There is a dictatorial sound of high heels on pavement together with the confrontational sight of a black leather boot with several smiles of wrinkles imbedded in its folds. No this isn't Halloween, or even a scene from Hitchcock, but it could be. It is the beginning of the self-conscious joke-titled documentary "Meet the Fokkens" about two older sisters who let it all hang out.
Louise and Martine Fokken are two 69-year old identical sisters who are hookers in Amsterdam's Red Light district but were not always such. Hasty choices combined with abusive men led them down this path, but fear not. True, their lives have been no beds of roses, although they seem to take it all with a lightness of spirit and even a carnal glee, if not an outward joy.
Louise had three children. They were taken away from her after her monster husband turned pimp, proved Louise unfit and abandoned the kids. Louise worked as a seamstress but fate took her down a fleshy financial path and Martine followed.
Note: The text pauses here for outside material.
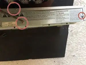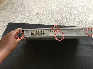 Удалите пять винтов Phillips #1 размером 1,2 мм для разборки DVD-плеера.

Louise has since given up the trade because of crippling arthritis, but Martine still soldiers on due to monetary needs.
Yes, there is no sugar coating here and there are tears, but this is no sob story. Louise and Martine are lascivious elves. Nothing phases them. They enter a sex toy shop like it was a Pier One. When they are interviewed they talk of men's orgasms like it is a matter of vacuuming a rug or milking a cow. They laugh and titter as if to say, "These men, how silly they are!"
Throughout the film, there are red-lensed interludes and we see all the seamy details as Martine services various men with all the curt efficiency of a mechanic. Most of the men are sprawled out on a mat like pale poultry. Next! You have to give her credit for persevering and getting results, however soft. For the Fokken Sisters, sex is a mere matter of plumbing.
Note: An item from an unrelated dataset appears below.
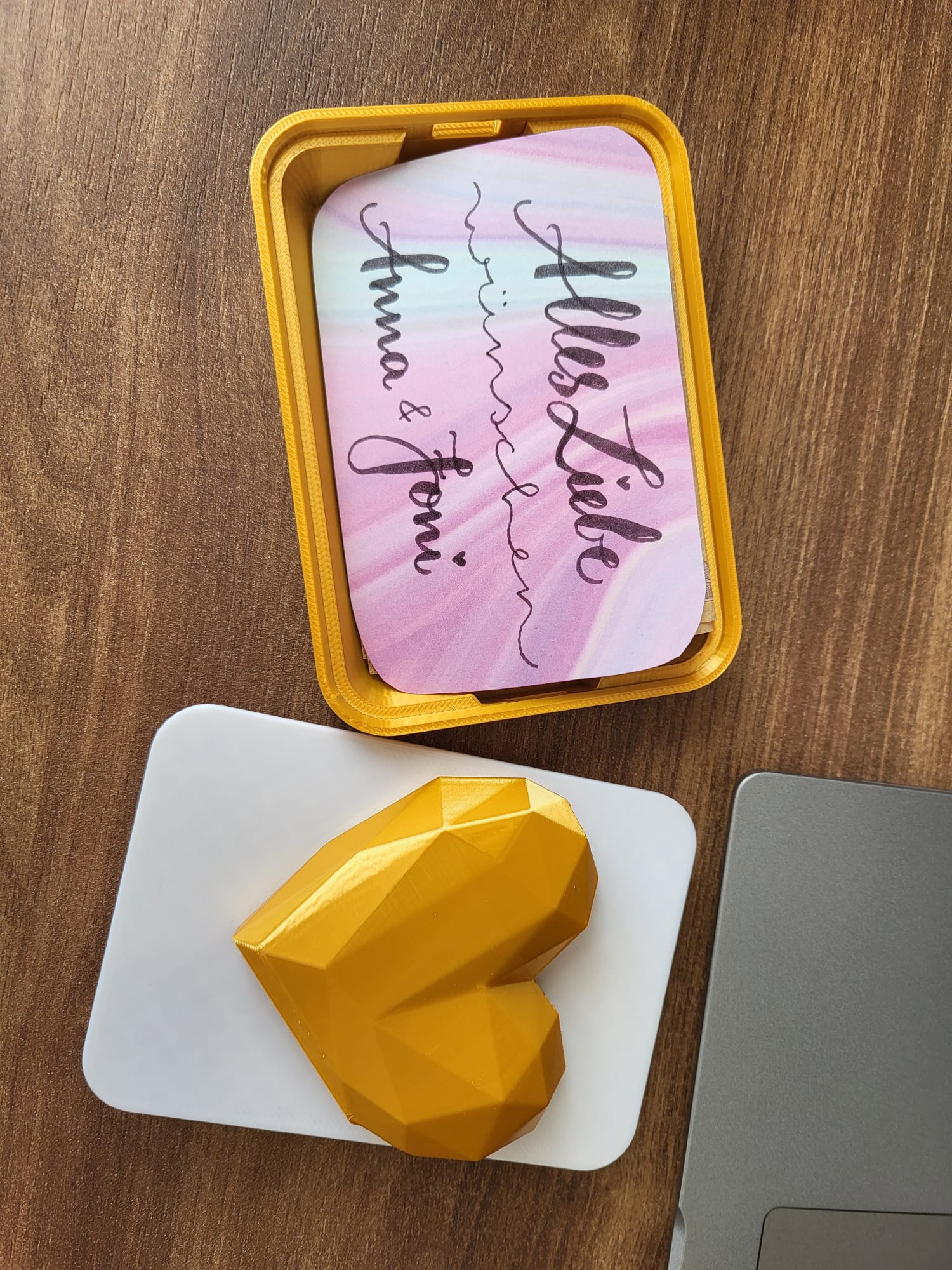 Sản phẩm này là sự kết hợp tinh tế giữa thiết kế vỏ hộp có khóa an toàn và họa tiết trái tim đa giác (low-poly) nổi bật trên nắp, tạo nên vẻ ngoài hiện đại và bắt mắt. Bạn có thể sử dụng nó để đựng các loại thẻ quà tặng, trang sức nhỏ, hoặc những món quà tinh thần giá trị khác. Khi muốn mở hộp, người nhận cần thao tác với cơ chế trượt khéo léo bên trong, mang lại trải nghiệm tương tác cực kỳ độc đáo mà ít loại hộp quà nào có được.

For the most part, at an accelerated rate, both sisters paint. Louise's paintings in particular are wildly colorful. They quiver with life and are reminiscent of Grandma Moses and the inimitable Red Grooms.
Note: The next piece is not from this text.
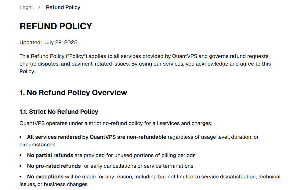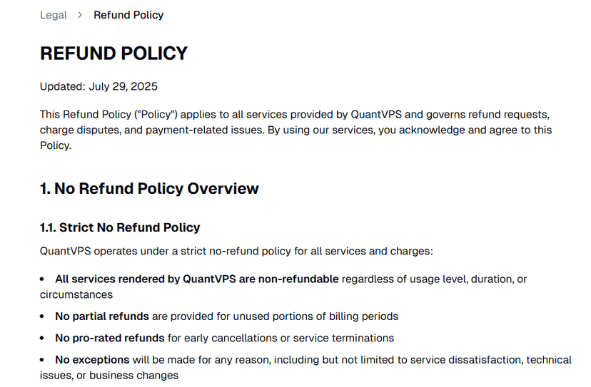 QuantVPS’s published legal terms include a strict no-refund policy. Once payment is processed, refunds are generally not available.

Going down the road, arm in arm, the two are treated like celebrities. They meet the postman, the grocer, and various fans. But once night falls and Martine is alone waiting for a bus, dusk makes a long black ribbon home to a bowl of soup and a rat terrier. Periodically, placed throughout the film like cinematic parenthesis, Martine is visited by a small group of spiritually-based advisors who urge her to leave the business.
But to no avail.
We get the feeling that because of their age and experience, what was once an anxious albatross around their necks, is now a prelude to a joke, and the sister's see both the freedom and the folly of the flesh. In the final scenes, as they fall in the snow, the sisters seem to enfold, overlap and absorb each other, like Russian Nesting Dolls. Together, the two make another and no conundrums of cleavage or dilemmas of dereliction can tear them apart.
"Meet the Fokkens" sneaks up on you like a quirky smirk along a right-angled street. It is about memory, painting and the passage and haunt of Time, just as much as it is about the push and pull of sex, red-jacketed with silliness.
Ultimately, it is about two sisters who love each other. At the sight of Martine and Louise Fokken, the ghosts of both Hitchcock and Bunuel will surely rejoice and you will too.